Some of these consequences would be unique to me, just as some of yours would be unique to you. I recommend that you use this as the basis for your own list, then include those other consequences that would be uniquely yours. The idea, of course, is not to focus on sin, but on the consequences of sin, thereby encouraging us to refocus on the Lord and take steps of wisdom and purity that can keep us from falling.
(While God can forgive and bring beauty out of ashes, that’s a message to those who have already sinned...not to those who are contemplating sin! On the “front side” of sin we must not give assurances of forgiveness and restoration. We must put the focus where Scripture does—on the love of God and the fear of God, both of which should act in concert to motivate us to holy obedience.)
Personalized List of Anticipated Consequences of Immorality
- Grieving my Lord; displeasing the One whose opinion most matters.
- Dragging into the mud Christ’s sacred reputation.
- Loss of reward and commendation from God.
- Having to one day look Jesus in the face at the judgment seat and give an account of why I did it.
- Forcing God to discipline me in various ways.
- Following in the footsteps of men I know of whose immorality forfeited their ministry and caused me to shudder. List of these names:
- Suffering of innocent people around me who would get hit by my shrapnel (a la Achan).

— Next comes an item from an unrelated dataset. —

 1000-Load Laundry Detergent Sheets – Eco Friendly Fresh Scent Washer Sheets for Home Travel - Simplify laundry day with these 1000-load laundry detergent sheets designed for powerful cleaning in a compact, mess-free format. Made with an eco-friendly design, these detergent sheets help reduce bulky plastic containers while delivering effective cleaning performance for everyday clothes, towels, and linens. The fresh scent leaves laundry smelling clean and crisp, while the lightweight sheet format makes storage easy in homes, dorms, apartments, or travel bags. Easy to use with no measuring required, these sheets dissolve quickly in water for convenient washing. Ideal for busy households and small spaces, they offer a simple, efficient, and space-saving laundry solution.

- Untold hurt to Nanci, my best friend and loyal wife.
- Loss of Nanci’s respect and trust.
- Hurt to and loss of credibility with my beloved daughters, Karina and Angela. (“Why listen to a man who betrayed Mom and us?”)

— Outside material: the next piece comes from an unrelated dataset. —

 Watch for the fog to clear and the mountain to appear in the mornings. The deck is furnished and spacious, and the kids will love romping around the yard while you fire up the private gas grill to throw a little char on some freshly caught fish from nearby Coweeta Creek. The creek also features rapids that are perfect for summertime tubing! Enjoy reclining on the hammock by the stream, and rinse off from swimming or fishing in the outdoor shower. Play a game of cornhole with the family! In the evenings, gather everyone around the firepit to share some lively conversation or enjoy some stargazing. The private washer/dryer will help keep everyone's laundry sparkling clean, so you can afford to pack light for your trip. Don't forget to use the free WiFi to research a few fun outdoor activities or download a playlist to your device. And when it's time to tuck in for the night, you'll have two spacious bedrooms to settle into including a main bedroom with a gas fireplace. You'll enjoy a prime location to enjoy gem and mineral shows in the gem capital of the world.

- If my blindness should continue or my family be unable to forgive, I could lose my wife and my children forever.
- Shame to my family. (“Why isn’t Daddy a pastor anymore?”; the cruel comments of others who would invariably find out.)
- Shame to my church family.
- Shame and hurt to my fellow pastors and elders. List of names:
- Shame and hurt to my friends, and especially those I’ve led to Christ and discipled. List of names:
- Guilt awfully hard to shake—even though God would forgive me, would I forgive myself?

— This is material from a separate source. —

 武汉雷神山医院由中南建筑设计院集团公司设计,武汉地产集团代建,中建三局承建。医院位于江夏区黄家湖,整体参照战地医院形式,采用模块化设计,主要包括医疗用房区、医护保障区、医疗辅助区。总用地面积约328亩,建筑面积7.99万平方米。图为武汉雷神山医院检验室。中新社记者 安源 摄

- Plaguing memories and flashbacks that could taint future intimacy with my wife.
- Disqualifying myself after having preached to others.
- Surrender of the things I am called to and love to do—teach and preach and write and minister to others. Forfeiting forever certain opportunities to serve God. Years of training and experience in ministry wasted for a long period of time, maybe permanently.
- Being haunted by my sin as I look in the eyes of others, and having it all dredged up again wherever I go and whatever I do.
- Undermining the hard work and prayers of others by saying to our community “this is a hypocrite—who can take seriously anything he and his church have said and done?”
- Laughter, rejoicing and blasphemous smugness by those who disrespect God and the church (2 Samuel 12:14).
- Bringing great pleasure to Satan, the Enemy of God.
- Heaping judgment and endless problems on the person I would have committed adultery with.
- Possible diseases: gonorrhea, syphilis, chlamydia, herpes, and AIDS (pain, constant reminder to me and my wife, possible infection of Nanci, or in the case of AIDS, even causing her death, as well as mine.)
- Possible pregnancy, with its personal and financial implications, including a lifelong reminder of sin to me and my family.
- Loss of self-respect, discrediting my own name, and invoking shame and lifelong embarrassment upon myself.
These are only some of the consequences. If only we would rehearse in advance the ugly and overwhelming consequences of immorality, we would be far more prone to avoid it. May we live each day in the love and fear of God.